While the Monsoon Session of the State Assembly has come to an end yesterday without the passing of the Bill and consequently the Bill stands lapsed, inspite of the massive civil society and political objections reported in just a matter of days, no formal statement has been issued by the Maharashtra Government assuring that the Bill will not be reintroduced and will be scrapped.

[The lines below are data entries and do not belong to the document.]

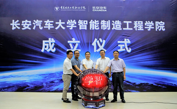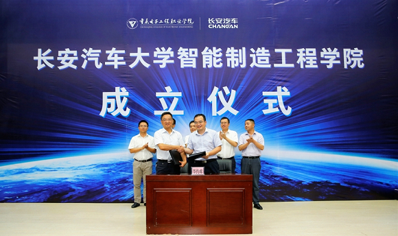 2018年6月28日,长安汽车大学智能制造工程学院成立仪式于重庆电子工程职业学院隆重举办。来自重庆市教委、重庆市科委、重庆市人社局、重庆电子工程职业院、长安汽车等单位嘉宾,大国工匠代表、学生代表等参与并见证了长安汽车大学这一创新举措。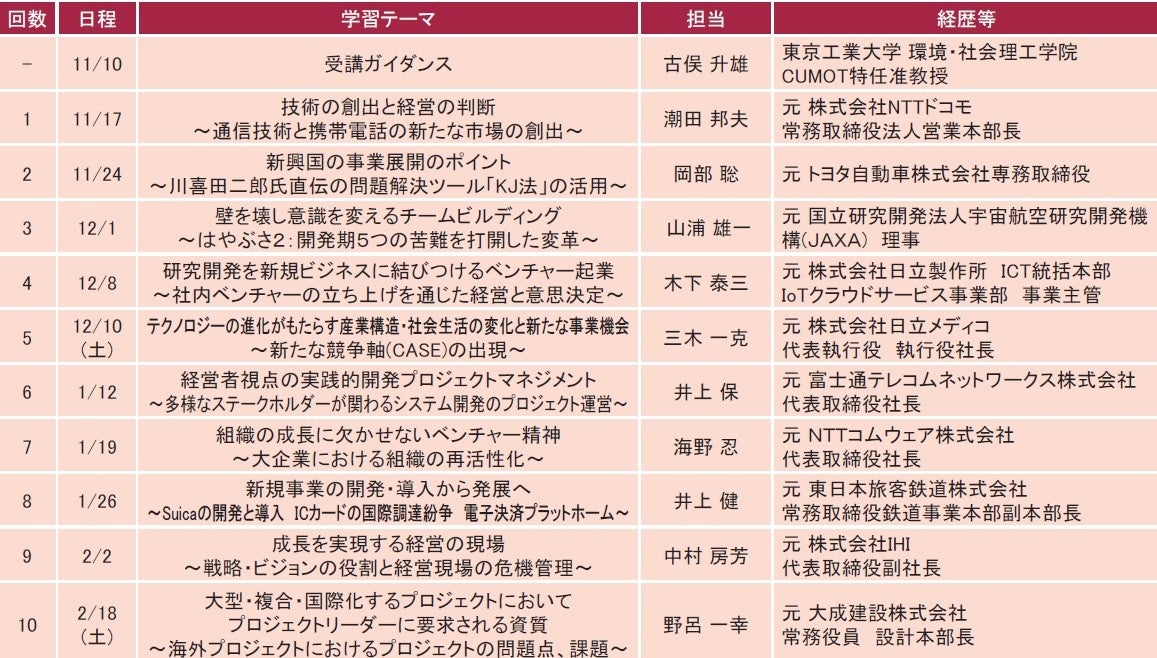 東京工業大学 社会人向けMOT(技術経営)コース「経営経験者との対話で学ぶ技術経営セミナー ~CUMOT×STAMP 連携プログラム~(全10回)」が11月に開講!
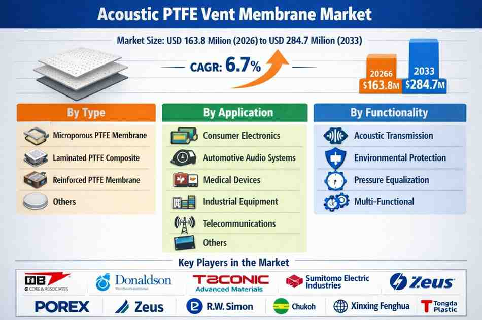Acoustic PTFE Vent Membrane Market Valued at USD 163.8 Million in 2026 Is Projected to Reach USD 284.7 Million by 2033 at a CAGR of 6.7%

The Bill cannot be allowed to silence the active citizenry and vitiate the democratic ethos of Maharashtra. There are lessons to learn from the Chhattisgarh Act, which has been used against ordinary adivasis forced to attend a meeting, or a doctor whose prescription was found in the kit bag of a Naxalite, or a tailor who unknowingly fulfilled an order of stitching  uniforms, or a security guard whose vehicle was seized at gunpoint by Naxalites. When the Act was proposed in Chhattisgarh in 2005, journalists were the first to protest, since it was clear from the language of the Act that even publishing the press release of an unlawful organisation, or reporting on the activities of such an organisation could attract punishment. Such a law if allowed in Maharashtra would only serve as a tool of abuse and repression, and will result in a chilling effect in the state.

In these circumstances, PUCL Maharashtra urges the State Government to ensure that the Maharashtra State Public Security Bill is not reintroduced in the State Assembly or pursued in any form, and is scrapped in its entirety. PUCL Maharashtra encourages all rights-minded citizens, including all political representatives, to keep vigil and oppose the Bill, to ensure that such a draconian law is not passed in Maharashtra. In any event, no such Bill should be allowed to be passed in undue haste without inviting and considering the objections/ suggestions of the public, and without subjecting the same to critical review of legal experts to understand its ramifications.

PUCL Maharashtra urges the State Government to protect democratic principles, uphold constitutional values, and remove all embargo to peaceful protest and free expression in the State, with a view to ensure a healthy and vibrant democracy.